━━━ LISTED ENTRIES

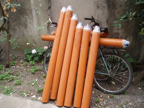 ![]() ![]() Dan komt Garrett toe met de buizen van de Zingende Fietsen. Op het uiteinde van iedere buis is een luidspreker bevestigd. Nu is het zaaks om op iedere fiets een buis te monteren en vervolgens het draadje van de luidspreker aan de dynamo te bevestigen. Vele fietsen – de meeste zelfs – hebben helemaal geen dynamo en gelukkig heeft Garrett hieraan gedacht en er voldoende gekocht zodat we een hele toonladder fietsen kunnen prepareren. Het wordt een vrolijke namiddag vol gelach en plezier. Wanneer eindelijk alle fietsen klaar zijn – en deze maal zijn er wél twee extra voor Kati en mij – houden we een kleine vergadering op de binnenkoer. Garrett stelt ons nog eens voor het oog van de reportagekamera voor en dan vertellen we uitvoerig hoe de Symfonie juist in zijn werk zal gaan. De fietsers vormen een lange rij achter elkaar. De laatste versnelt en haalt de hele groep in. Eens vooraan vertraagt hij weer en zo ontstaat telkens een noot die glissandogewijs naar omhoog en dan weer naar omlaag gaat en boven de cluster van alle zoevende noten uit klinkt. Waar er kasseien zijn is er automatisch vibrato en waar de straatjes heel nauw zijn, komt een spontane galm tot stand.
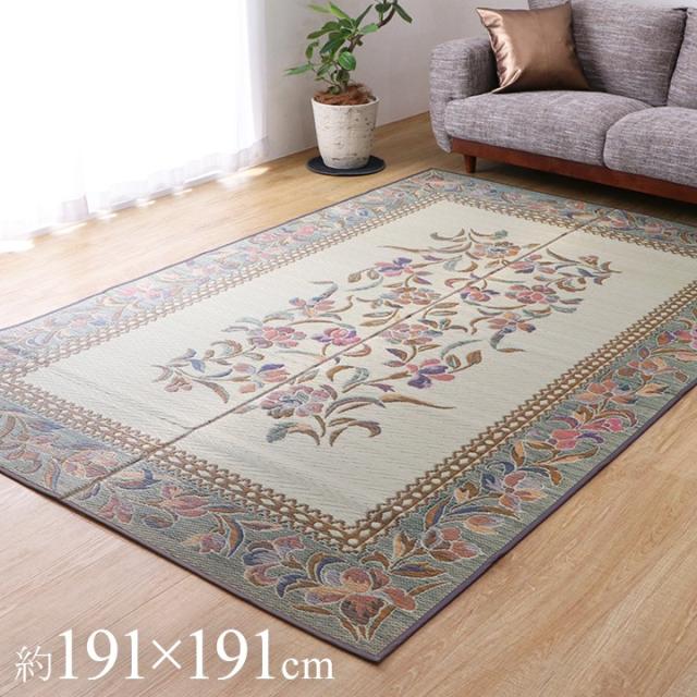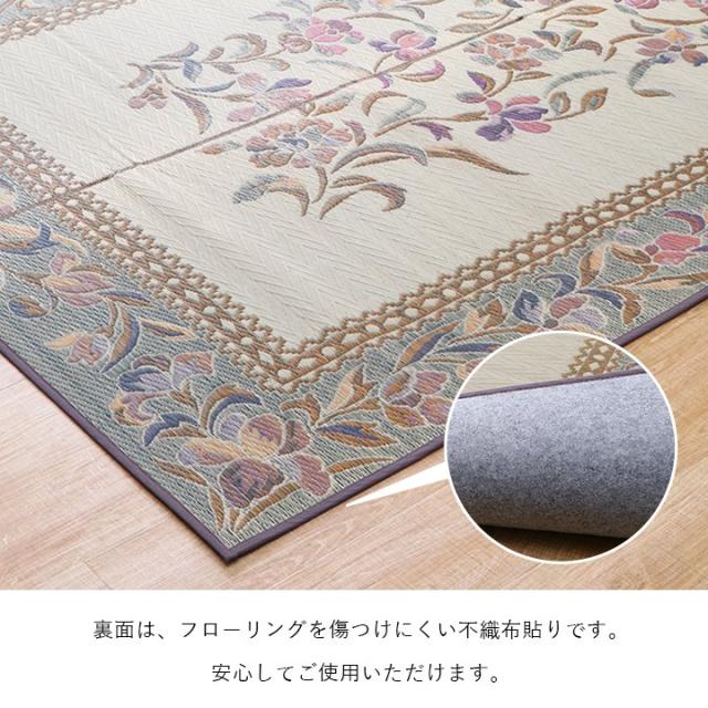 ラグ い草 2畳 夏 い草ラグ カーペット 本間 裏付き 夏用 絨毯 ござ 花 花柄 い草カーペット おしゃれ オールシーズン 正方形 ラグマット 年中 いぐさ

━━━━━━
━━━ LISTED ENTRIES

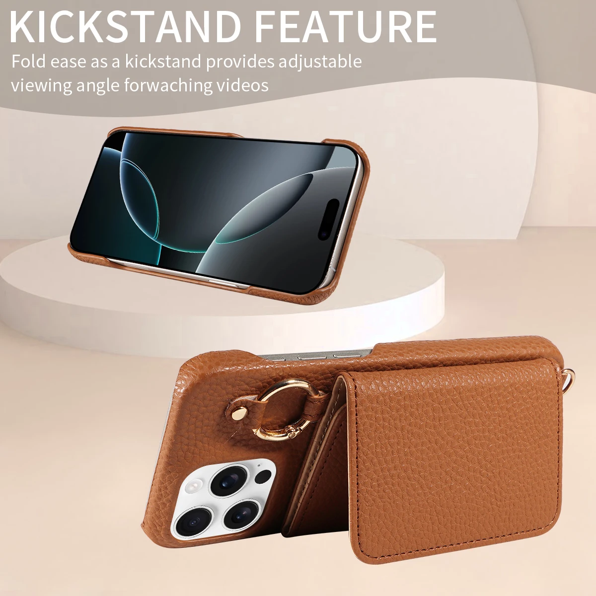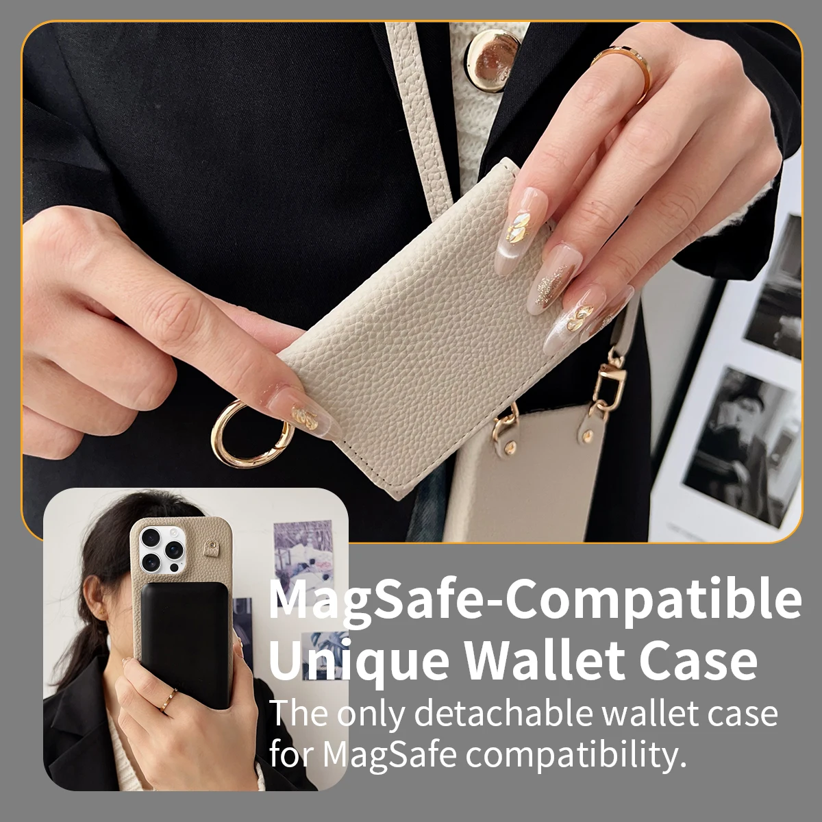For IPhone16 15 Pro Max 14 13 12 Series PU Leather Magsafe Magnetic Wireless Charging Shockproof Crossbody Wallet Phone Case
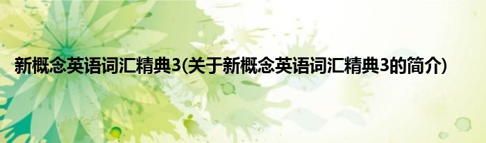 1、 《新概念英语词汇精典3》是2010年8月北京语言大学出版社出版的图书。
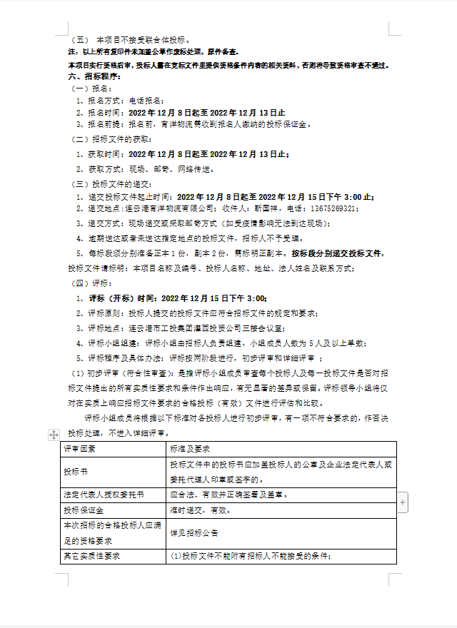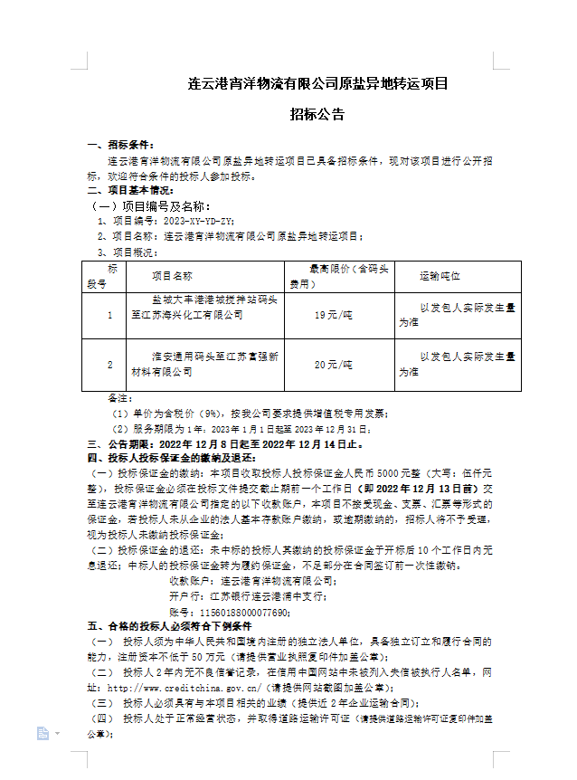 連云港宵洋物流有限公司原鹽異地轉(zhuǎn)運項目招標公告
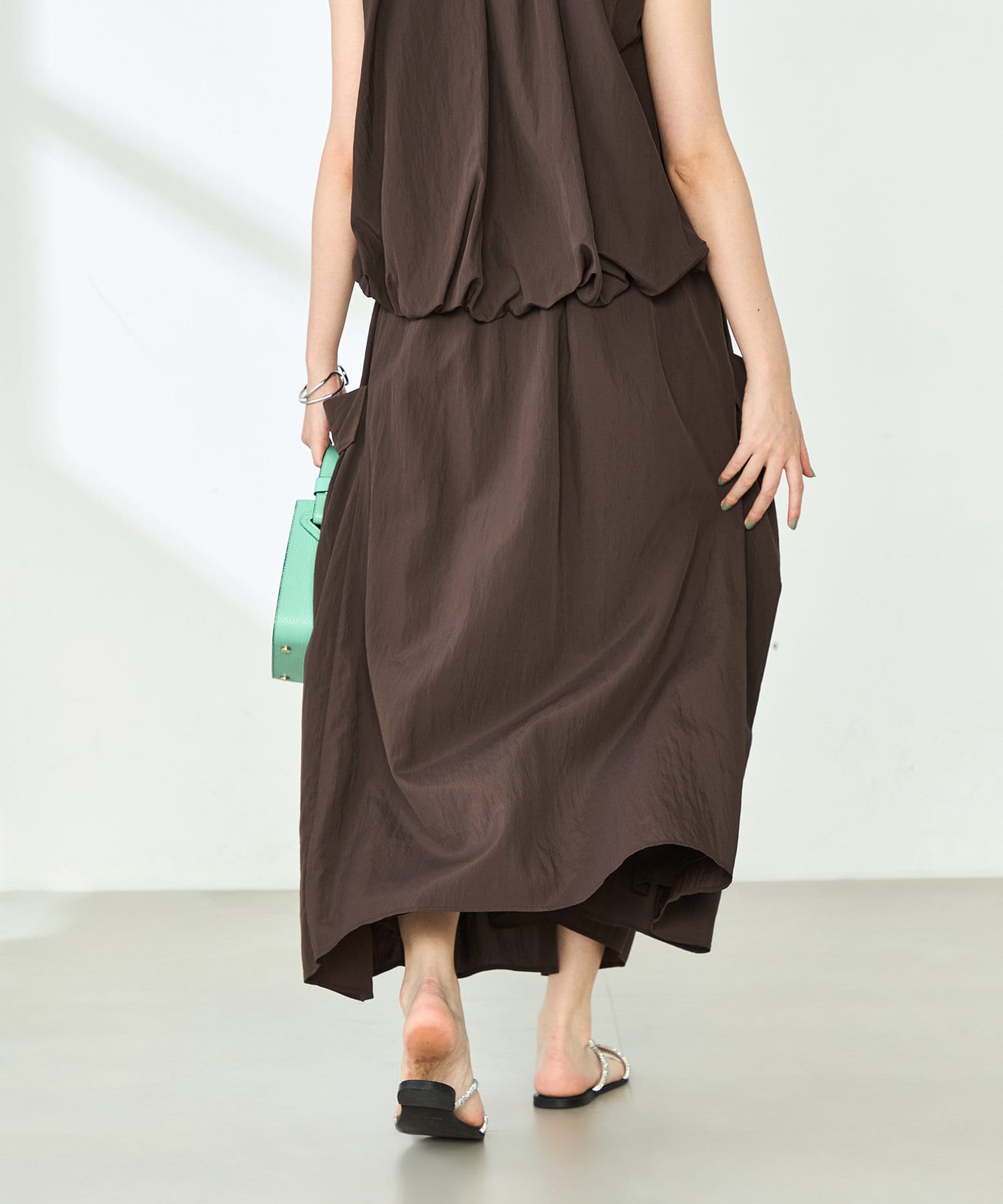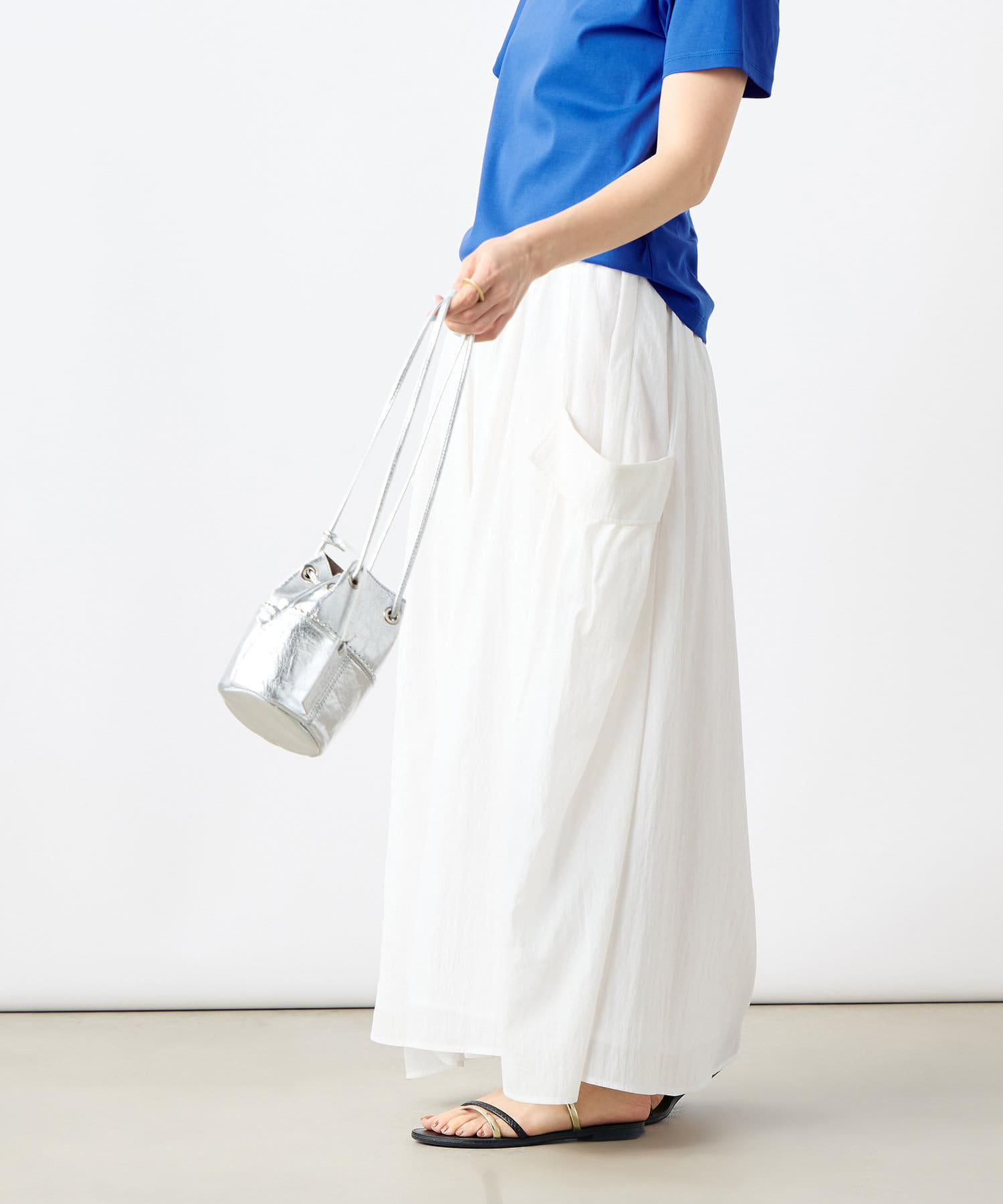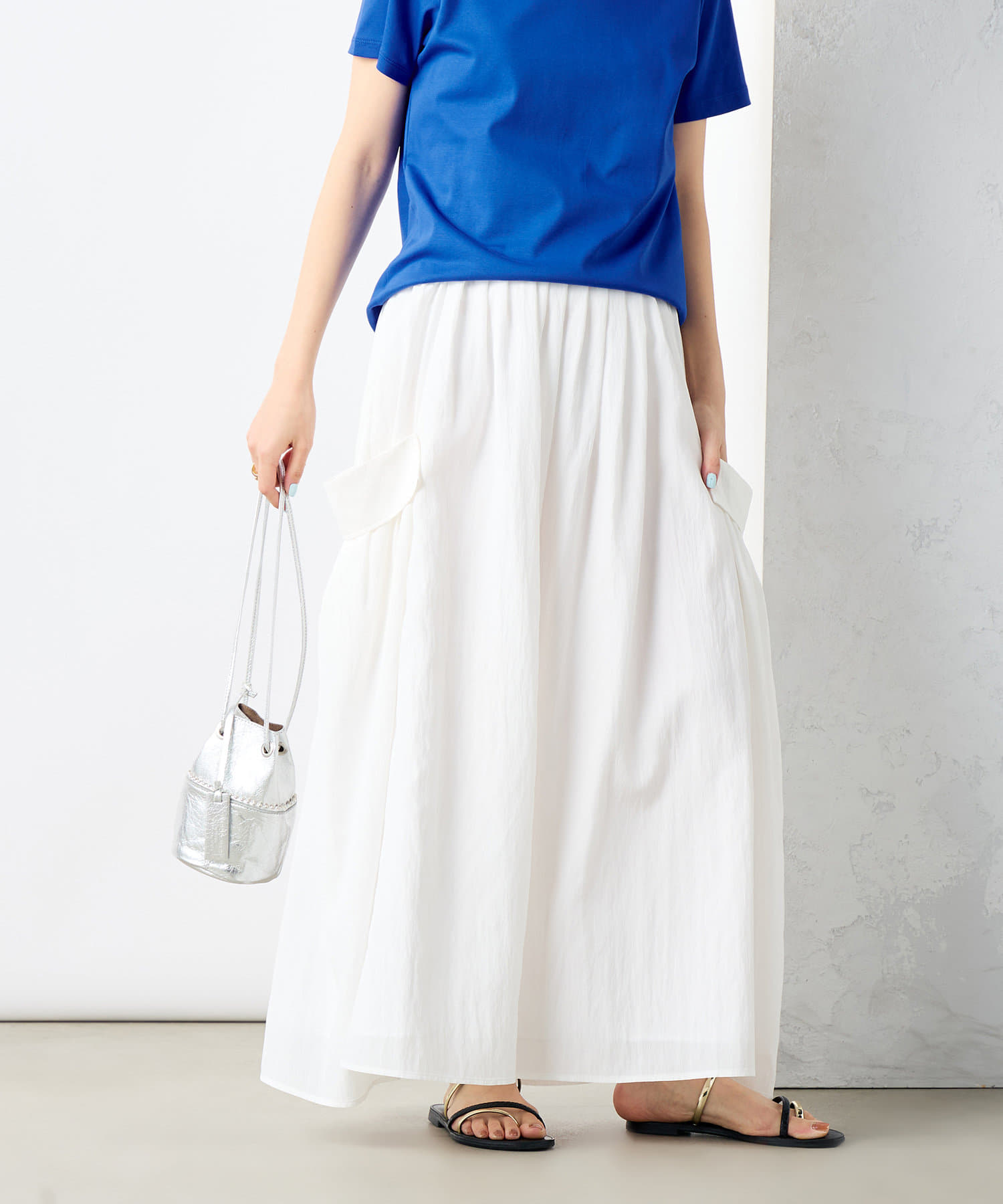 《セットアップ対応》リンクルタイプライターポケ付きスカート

━━━━━━

** WHAT THE EXERCISE ASKS **
Give the lines above again exactly, from the one containing "galm tot stand." to the one containing "ラグ い草 2畳 夏 い草ラグ", both included, but leave out the pictures.

** ANSWER TO THIS PROBLEM **
 ![]() ![]() Dan komt Garrett toe met de buizen van de Zingende Fietsen. Op het uiteinde van iedere buis is een luidspreker bevestigd. Nu is het zaaks om op iedere fiets een buis te monteren en vervolgens het draadje van de luidspreker aan de dynamo te bevestigen. Vele fietsen – de meeste zelfs – hebben helemaal geen dynamo en gelukkig heeft Garrett hieraan gedacht en er voldoende gekocht zodat we een hele toonladder fietsen kunnen prepareren. Het wordt een vrolijke namiddag vol gelach en plezier. Wanneer eindelijk alle fietsen klaar zijn – en deze maal zijn er wél twee extra voor Kati en mij – houden we een kleine vergadering op de binnenkoer. Garrett stelt ons nog eens voor het oog van de reportagekamera voor en dan vertellen we uitvoerig hoe de Symfonie juist in zijn werk zal gaan. De fietsers vormen een lange rij achter elkaar. De laatste versnelt en haalt de hele groep in. Eens vooraan vertraagt hij weer en zo ontstaat telkens een noot die glissandogewijs naar omhoog en dan weer naar omlaag gaat en boven de cluster van alle zoevende noten uit klinkt. Waar er kasseien zijn is er automatisch vibrato en waar de straatjes heel nauw zijn, komt een spontane galm tot stand.
 ラグ い草 2畳 夏 い草ラグ カーペット 本間 裏付き 夏用 絨毯 ござ 花 花柄 い草カーペット おしゃれ オールシーズン 正方形 ラグマット 年中 いぐさ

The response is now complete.